337 reviews101 followers
June 30, 2025
As is known, the first thing Michael Faraday did as a young man, when in 1813 he received the unaccountable good fortune to be appointed to a position as assistant at the Royal Institution in London by Humphrey Davy, was to immerse himself in the literature on electricity and magnetism as it stood in his day and meticulously to reproduce for himself every claimed experimental result. There can be no doubt that his thoroughness in so doing taught him the superlative technique which was to serve as the foundation of all his pioneering later discoveries. Something similar can be said, on the theoretical plane, about Wolfgang Pauli in his student days around the beginning of the 1920’s. What remains left over of his industry to future generations is a remarkable full-length review of the literature on the then newly discovered general theory of relativity, which originally appeared in Teubner’s Encyklopädie der mathematischen Wissenschaften in 1921 and soon after as a separate monograph, together with a preface by his mentor Arnold Sommerfeld.

There are no surprises in Pauli’s exposition. He covers all the bases in the formalism as it was then understood. Particularly clear is Part IV on the general theory of relativity [pp. 142-183]. Here, the field equations of gravitation are developed from a variational principle. Since Pauli has already explained the mathematical tools in the tensor calculus in Part II [pp. 21-70], the logical flow can be undisturbed by the inclusion of expository material (as it is in Einstein’s original 1916 paper, for instance). Thus, what one has the right to expect from Pauli are clarity and logical economy.

The Dover reprint presents the 1958 English translation of the version as revised by Pauli in 1956 (shortly before his own death). It retains the text of the original 1921 article unchanged but adds a number of supplementary notes to bring the references up to date as of 1956. What this reviewer finds of greatest interest is Note 23 on the Kaluza-Klein theory [pp. 227-232]. For all the fanfare Kaluza-Klein’s idea of compactified extra dimensions receives these days, Pauli himself was rather skeptical of unified field theories approached along the lines either of Kaluza-Klein or of the later Einstein. Two main reasons can account for this: first, they are exclusively classical in nature whereas, from the success of Julian Schwinger’s calculation of the Lamb shift in the immediate aftermath of World War II, it was clear by the 1950’s that some sort of quantum field theory was going to form the basis of any future elementary particle physics; and second, even at the purely classical level, the unified theories are problematic.
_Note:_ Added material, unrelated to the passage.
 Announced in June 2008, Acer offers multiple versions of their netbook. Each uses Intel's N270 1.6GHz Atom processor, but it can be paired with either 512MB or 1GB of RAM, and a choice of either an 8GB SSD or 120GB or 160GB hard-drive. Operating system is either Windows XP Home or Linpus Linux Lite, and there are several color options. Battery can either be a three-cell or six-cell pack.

For instance, Kaluza-Klein must assume the circle of the compactified dimension to possess identically the same radius across all of the remaining four-dimensional space-time, even though one would expect the entire system to be dynamical and evolving. In fact, the circle’s radius can be shown to be unstable and subject to local perturbations. Thus, the assumption of its global constancy is highly unphysical.
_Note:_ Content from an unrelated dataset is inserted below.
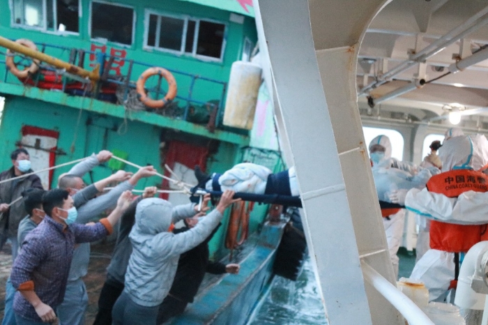 秀山艦經(jīng)一小時(shí)高速航行,抵達(dá)求助漁船所在海域。與求助漁船溝通后,秀山艦決定采取“小船靠大船”和“索橋轉(zhuǎn)運(yùn)”的方法進(jìn)行過(guò)駁。幾經(jīng)努力,海警執(zhí)法員和漁船漁民齊心協(xié)力將受傷漁民過(guò)駁至海警秀山艦。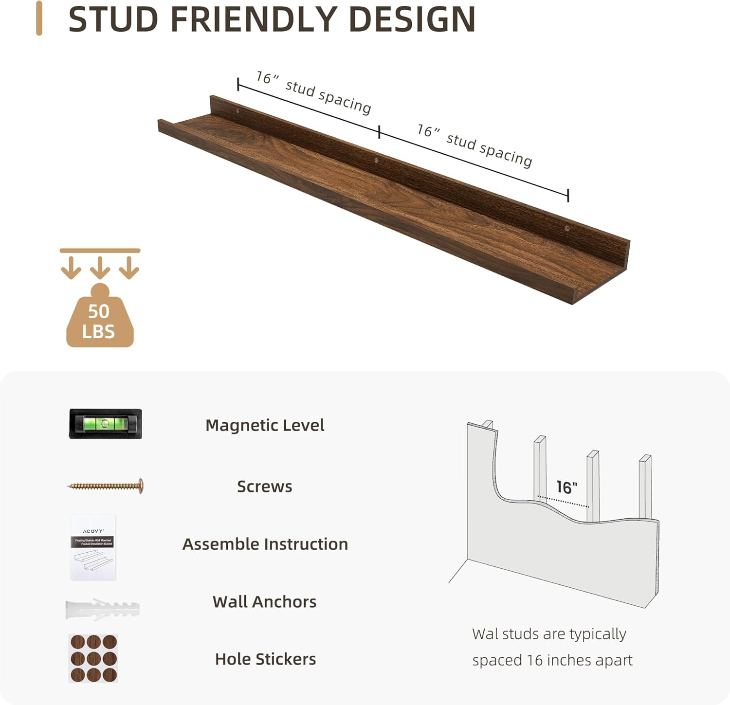 - ăSuperior Qualityă Crafted from high-quality material, each floating shelf is designed for long-lasting durability. The pre-drilled mounting holes are spaced 16 inches apart, ensuring a secure installation into wall studs.

It is always salutary to examine a review of a major development in theoretical physics that is roughly contemporaneous with the events it describes, for one can glean from it a good sense of what the participants themselves were thinking, unfiltered by the revolution in perspective it brings about and by the subsequent advance of technique (which tends to simplify matters unduly, as historians of science know very well). Thus, Pauli’s encyclopedia article comes recommended, as being competent and about the best one could get. Perusal of it tends to reinforce the commonly received view of Pauli’s intellect as being inclined rather to critique than to original system-building of his own. The exclusion principle was a brilliant deduction from a welter of empirical data and theoretical formulae arising from tentative models in the old quantum mechanics, not, that is, in itself the eventual outcome of a conceptual synthesis of a circle of original ideas as to how to found a new physics. For this latter, we are indebted to Niels Bohr, Werner Heisenberg and Erwin Schrödinger, who were to score the triumph of the new quantum mechanics a couple of years later (one could say something similar about Pauli’s neutrino idea, as well).